During the Thursday PM session, the speaker notes a messy market session with consolidation and time distortion due to being a day prior to NFP. They highlight how logic still worked in this environment, showcasing the importance of time cycles and respective highs and lows in algorithmic price delivery.

00:37:55

Market Behavior Between 2:30 to 4 on Thursday

Between 2:30 to 4 on Thursday, the market repriced lower into the previous cycle's low, swept the low, went sideways, and retraced higher above the previous cycle's high. The speaker explains this behavior in terms of imbalances and market movements.

00:38:34

Market Behavior Towards Market Close on Thursday

Towards market close on Thursday, around the final 10 minutes of the day, the market began to sell off. The speaker describes the algorithmic order flow, market retracement, distribution, and price movements outside of their interested time windows.

00:39:43

Market Behavior on Friday with NFP Release

On Friday, there was a big manipulation to the downside followed by consolidation. Around 9:30, the market began to spool higher and reprice higher. Between 10 to 11:30, the market formed a high, showcasing specific market behaviors post-NFP release.

00:40:17

Market Behavior Below Previous Cycle's High

The market begins to roll over and trades below the previous cycle's high. Despite the displacement below the high, no significant CB or formations occur. The market then goes sideways, expands higher, and eventually rolls towards the previous cycle high. A sell program is initiated when the price trades below the previous cycle's high, locking in lower prices.

00:41:24

Price Levels and Cycle Logic

Specific price levels are crucial in each session, with predetermined highs and lows that should be met. By fractalizing and applying the logic to different time cycles, traders can anticipate price movements. The previous cycle's low becomes a key reference point for price levels.

00:42:19

Market Structure and Warning Signs

Even without perfect formations, the overall market structure can provide warning signs. Breaking through key levels like the previous cycle's high can signal potential bearish order flow. Understanding these structural cues helps in confirming market direction.

00:43:05

Trade Execution Analysis

The speaker demonstrates a market maker sell model trade during the PM session after a market release. By annotating previous cycle highs and observing market behavior, the speaker identifies opportunities to go short based on alignment of time and price. Detailed analysis of price ranges and market movements guides the trade decisions.

00:50:20

Analyzing Market Equilibrium

It is recommended to pay attention not only to the high and low of a previous X range or cycle but also to the equilibrium of that range, which is typically around 50% of the previous cycle's range from low to high or high to low.

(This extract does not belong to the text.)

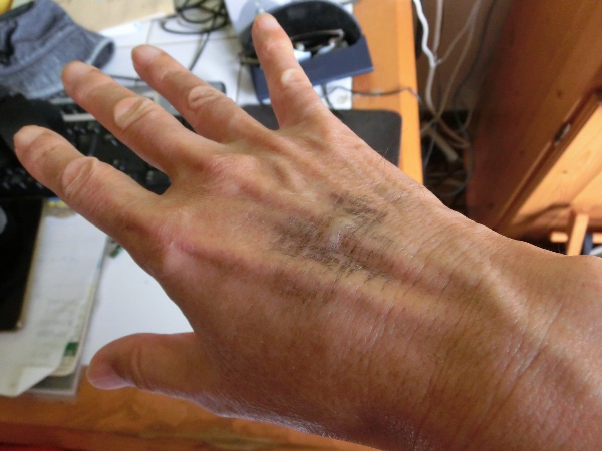 昨日、新宿のライブハウス「アンチノック」に行った。 入り口で精算を済ますと、 再入場のために必要と、 手の甲に スタンプを押された。 1日経って、消えてない。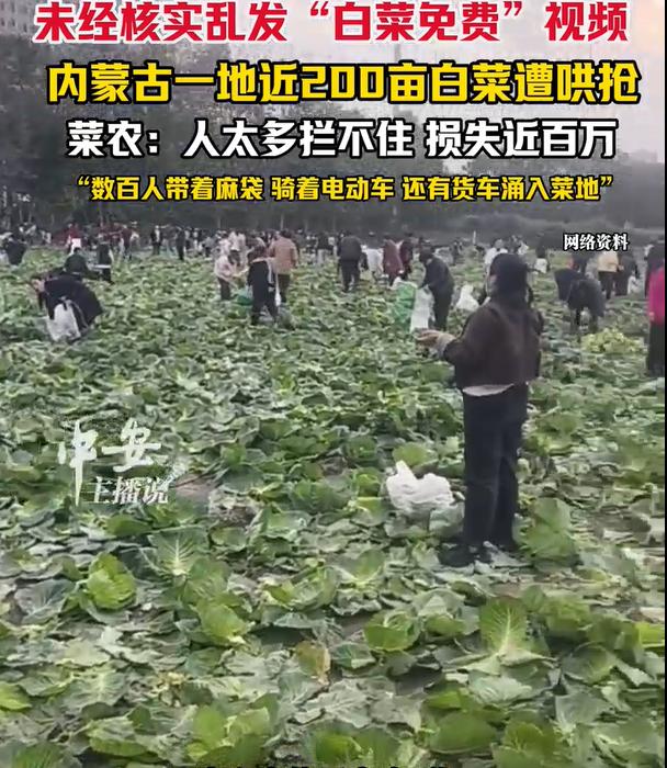 “这是什么世道!”近日报道,内蒙古赤峰,男子承包了200亩地种大白菜,辛苦了一年,眼瞅着要卖钱了,万万没想到,突然来了700多人,拿着麻袋,骑着电动车,甚至开车来哄抢,男子损失高达100万,一年白辛苦了。背后的原因,竟是有人使坏,在网上发布“白菜免费”的视频,当地媒体未经证实也开始转发,男子崩溃。 “这哪是捡白菜啊,这分明是抢人家的血汗钱!”谁能想到,在一片两百亩的白菜地里,竟然会上演一场让人心疼的闹剧:承包这片地的李先生,眼睁睁看着七百多人朝地里涌来,麻袋、电动车、三轮车等等齐上阵,不到半天工夫,半年的辛苦就这么被抢空了。而起因,竟是一段不知谁发的“白菜免费”的短视频。 刚开始还只是三五个村民在地边转悠,试探着问是不是真能随便拿。李先生还耐心解释,说那是谣言,菜是要卖的。可后来人越聚越多,他的声音很快就被淹没了。不知谁喊了句“再不动手就没了”,人群就一股脑全冲进了菜地。那场面,不像在捡菜,倒像在比赛谁装得快。 有经验的专挑好的砍,麻袋装满了就往电动车后座垒;开车来的更利索,后备箱一开,整排整排的白菜往里扔。李先生站在地头,嗓子喊哑了,胳膊抡酸了,却拦不住这汹涌的人潮。他后来回忆说,那一刻的感觉不是生气,是绝望,就像眼睁睁看着自己的房子着火,却连一盆水都递不上去。 说起来真让人哭笑不得,那条惹事的短视频拍得还挺“像那么回事”,地里确实有些白菜被冰雹打了,叶子破了几处,可镜头专挑坏的拍,还配上“免费啦”的声音,谁看了不动心? 更气人的是,就连当地一个有不少人关注的媒体账号,也没核实就转了出去,给这场闹剧添了一把火。消息传得太快,真话却追不上,这就是如今这个时代的悲哀,而这份悲哀,最后全压在了一个普通农民身上。 其实,参与这场哄抢的未必都是坏人,不少起初犹豫的,看见大家都在拿,也就说服了自己:“法不责众嘛”、“不就几棵白菜”。那种“不拿就亏了”的想法,让做人的底线在从众心理面前彻底垮了。而那个乱发消息的人,可能只是随手一拍,却从没想过,手机那头连着的是一个人全部的家当。 李先生算过一笔账,一亩地投入的种子、化肥、人工加起来差不多五千,两百亩就是一百万。这不是冷冰冰的数字,是他每天天不亮就下地,深夜才回家的全部生活。 他本来打算用这笔钱给孩子交学费,给老人看病,或许还能攒点钱把家里的旧房子修一修。可现在,地里只剩下一片乱七八糟,踩烂的菜叶、乱七八糟的车辙,和丢得到处都是的麻绳。 事情传开之后,倒也不是全让人寒心。有人偷偷回来道歉,说要赔钱;乡政府的人也来了,说会帮忙追查。但损失已经造成了,就像地里的脚印,深深浅浅的,一时半会儿是平不了的。 这让人想起那些总是在发生的类似事情,哪里水果卖不出去了,就有人理直气壮地去“帮忙”;哪里工地有材料,就有人顺手“捡”回家。每次都说“损失不大”,可又有谁算过,这些“不大”加在一起,是多少个李先生一年的汗水? 虽说法律的事交给法律,但法律之外,还有良心这杆秤。要知道,每一条不经核实的转发,每一次“大家都拿我也拿”的念头,都可能成为压垮别人的最后一根稻草。 只希望这片地能早点恢复生机,更希望这样的闹剧,别再在任何一个丰收的季节重演了。 信源: 红星新闻 2025-11-10—— “白菜免费”引哄抢,传谣信谣不能法不责众 文|一阳 编辑|史叔

Observing how the market reacts to these levels can provide valuable insights into potential price movements.

00:51:36

Applying Logic from Daily Chart to One Minute Chart

The speaker highlights the importance of applying the same analytical logic from a daily chart to a one-minute chart. By examining how previous cycle highs and lows are broken and then act as resistance or support levels, traders can gain a deeper understanding of market dynamics and potential price movements.

00:52:40

Encouragement for Understanding

The speaker encourages viewers to take their time to understand the concepts presented in the lecture. By re-listening to the content, taking notes, and having faith in the learning process, individuals can eventually experience a 'light bulb moment' where everything clicks. Patience and dedication to learning are emphasized for achieving success in trading.

00:53:48

Final Remarks and Well Wishes

In the closing remarks, the speaker expresses gratitude to the audience for watching the lecture and wishes them luck with their studies. Emphasizing the importance of thorough investigation and development in trading, the speaker advises against rushing through the learning process. The audience is encouraged to take their time, allow for growth, and trust that great outcomes will follow with dedication.